A Message in a Bottle
Four years ago I finished the piece I am most proud of as an artist and writer, it’s the one thing I have created which I feel is complete, a text, My Prison, My stronghold, and a series of resin and collage works using fragments of the Modelo Prison in Barcelona. This piece was a form of closure for me on a period of my life marked by physical and mental illness and as I said in the text, the works became a talisman to always remind me of “the way out”. Since finishing that work I moved back to London from Barcelona and started a new life, new love, new home. I became physically strong for the first time in my life, I felt vital, I felt the streets were littered with opportunities and lucky coins.
The covid lockdowns tested my feeling of closure, poked and prodded at the stronghold I had built, but I believed it had remained intact. That was until six months ago when I woke up covered in hives and with a fever, slowly, as had happened before, my body began to disintegrate, this time my legs rebelled against me, my skin bruised unexplainably, my digestive system went on holiday, my face and joints swelled, in the text I had written about my previous illness I had described myself as some sort of upside-down Gregor Samsa from Kafka’s Metamorphosis, the man transformed into a horrible insect, when I first became truly ill, I looked the same but my phenomenological experience of the world broke down, I was an insect looking out at the world, but no-one could notice the transformation that had taken place. This time no one could mistake it, fat lips, purple fingers, eyes swollen, blanched skin, another undesired metamorphosis.
The peak of this recent illness happened just before Christmas last year, I was unable to sleep as my skin felt as if it had been dipped in napalm, I couldn’t walk properly from the joint swelling, my only distraction was TikTok videos which are so well designed to captivate they gave me the only respite from existing in my body and mind. My illness was parallel with half the NHS being taken down with omicron and with no other option I finally took the immune-suppressing, normal life restoring, bone/muscle/teeth destroying corticosteroids I had been prescribed but reluctant to take. With my immune system knocked out I was normal again, yet there was now no rush to figure out what exactly had been going on, I was assured I would see a rheumatologist within two weeks, that two weeks become three months, then delayed again to seven months. I have been on prednisolone for nearly six months, a medication whose side effects are so long-lasting and unpleasant it was a last resort for my doctor to prescribe and for me to take them.
Four years ago, I put what I had experienced in my early twenties, another autoimmune mystery while studying at Oxford, behind me. I found meaning in art, I was able to physically place my experience made into an object onto a shelf in the curation of my own life’s museum. I am writing now again, hoping to force this experience into the known, to make it limited and tangible, hoping that somehow by describing it, by making some form of taxonomy I can will it into the past.
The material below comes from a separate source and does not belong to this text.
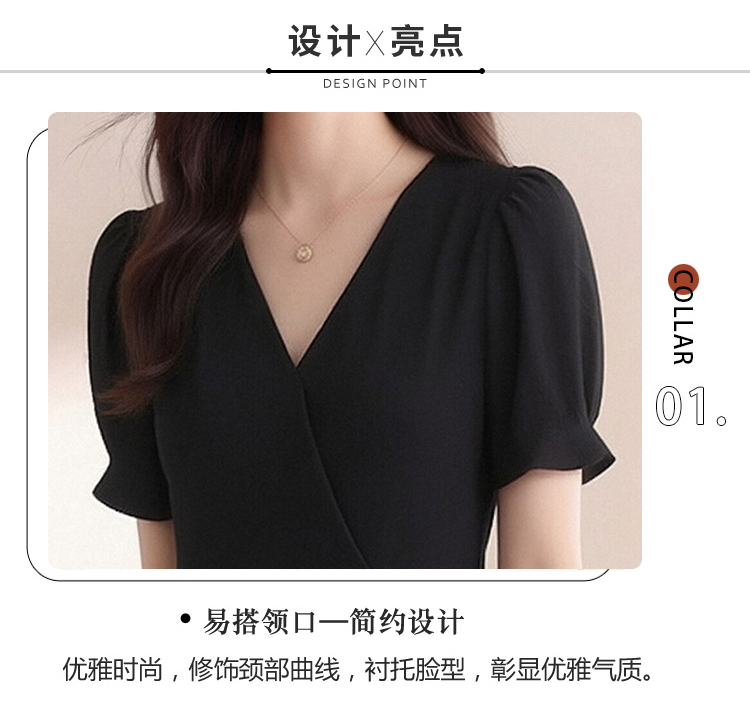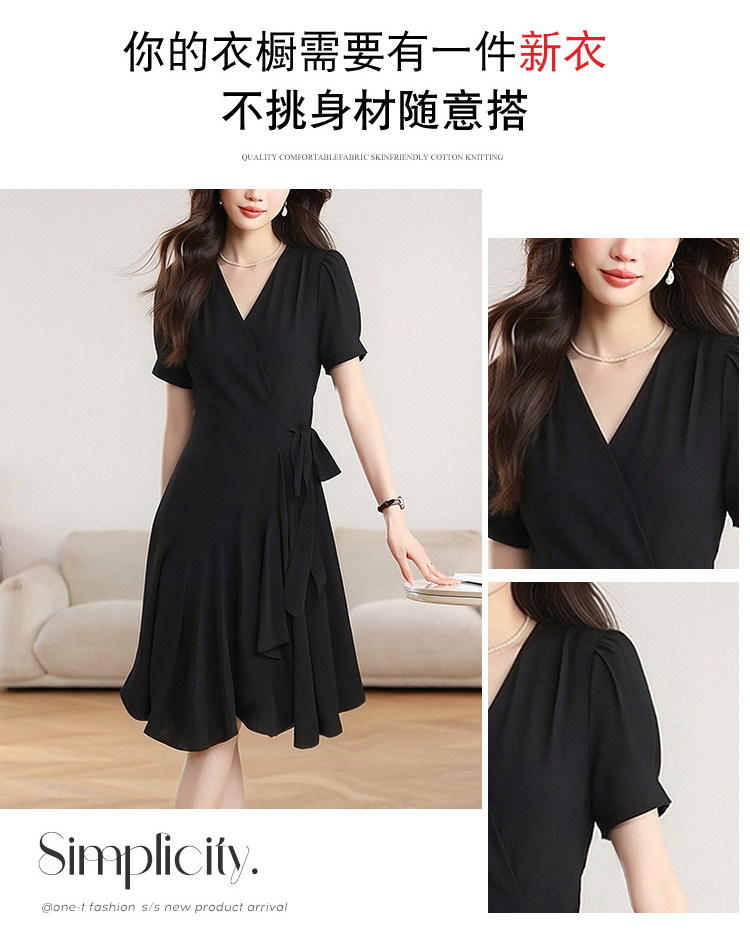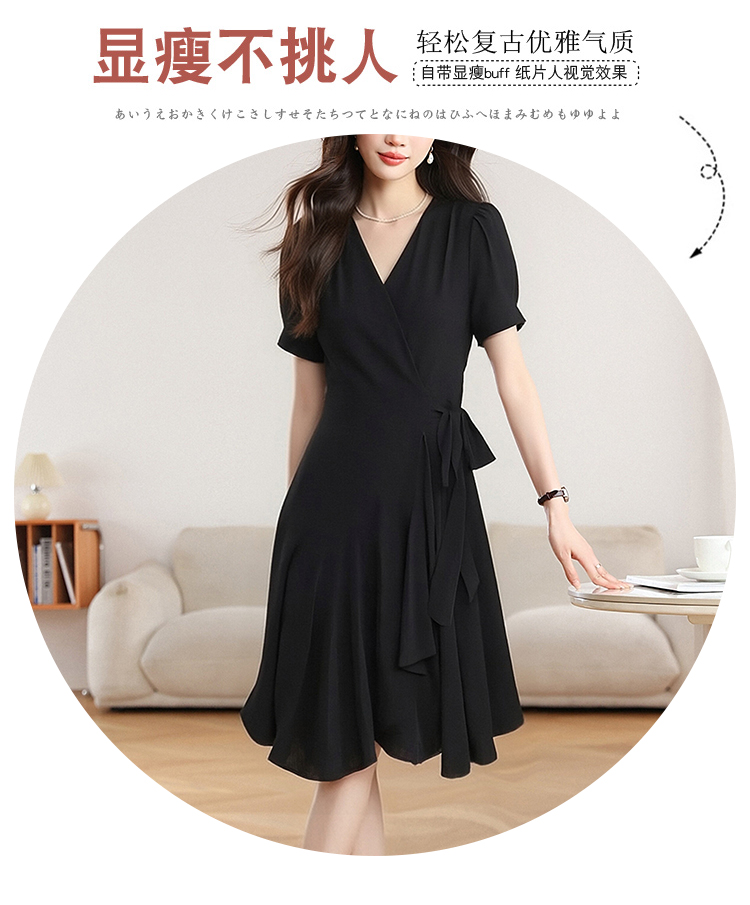 RY4217# 实拍 2026夏季新款连衣裙V领设计感收腰显瘦气质短袖中长款连衣裙

Paul Celan described poetry, described art, as 'a message in a bottle', and in his speech The Meridian he described it as a detour 'from you to you', a 'homecoming', circling like the meridian which gives the speech its name. The moments in life when my world has expanded, when I have felt I have understood myself, understood the world, I have always known the information which has changed my perspective, but I have never truly understood it until suddenly as if translated from some unknown language the meaning became apparent and finally, when it has settled in, that which once seemed cliche became essential and sacred. Everything is always there, ready to be understood, it is just us who has to change in order to understand it. Art speeds up this process through externalisation, as Celan described it you send your thoughts tangled out and they return transfigured, they return as an answer, this is what I am hoping by writing this, this is my message in a bottle, this is my prayer, that with words and pictures I can hack away at this shapeless experience, that by sending it out to the world I can understand it.